Multiscale Deformable Objects Manipulation via Wavelet-Decomposed Boundary Element Method
Abstract
Robotic deformable object manipulation faces critical challenges in surgical applications due to under-actuation, unpredictable tissue deformation, and limited intraoperative visibility. Traditional model-free methods often encounter unstable Jacobians caused by ill-conditioned observations, while physics-based models require precise tissue parameters and volumetric meshes, limiting their practicality in real surgeries. We propose a wavelet–Boundary Element Method (BEM) framework that encodes deformations from partial 3D shape feedback using multiscale wavelet descriptors. Coupling wavelets with BEM allows computation of the nonlinear motion–deformation mapping via boundary integrals, eliminating the need for volumetric meshes and enabling real-time control under occluded views.
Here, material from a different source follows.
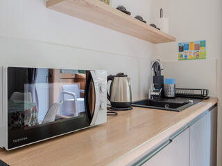 Amenities: kitchenette with induction hob, microwave, kettle, and full tableware, refrigerator, TV, Wi-Fi, balcony with seating area, towels, hairdryer, and shower. The apartment has heating. Pets are welcome.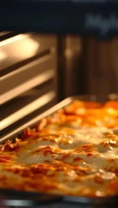 Запекайте лазанью в предварительно разогретой до 180°C духовке в течение 30-40 минут, пока она не станет золотистой и пузырчатой.

We validate our approach in simulation and on the da Vinci Research Kit (dVRK) using phantom organs and ex vivo animal tissue, achieving millimetre-level accuracy with contour, curve, and surface feedback. Comparative studies with Fourier-based and model-free methods show superior stability in dexterous tissue manipulation, addressing ill-conditioning through spatial–frequency localization. This framework enhances robotic manipulation in unstructured surgical environments, providing robust control and accurate tissue interaction despite partial observability. Our results demonstrate its potential to improve precision and safety in minimally invasive procedures.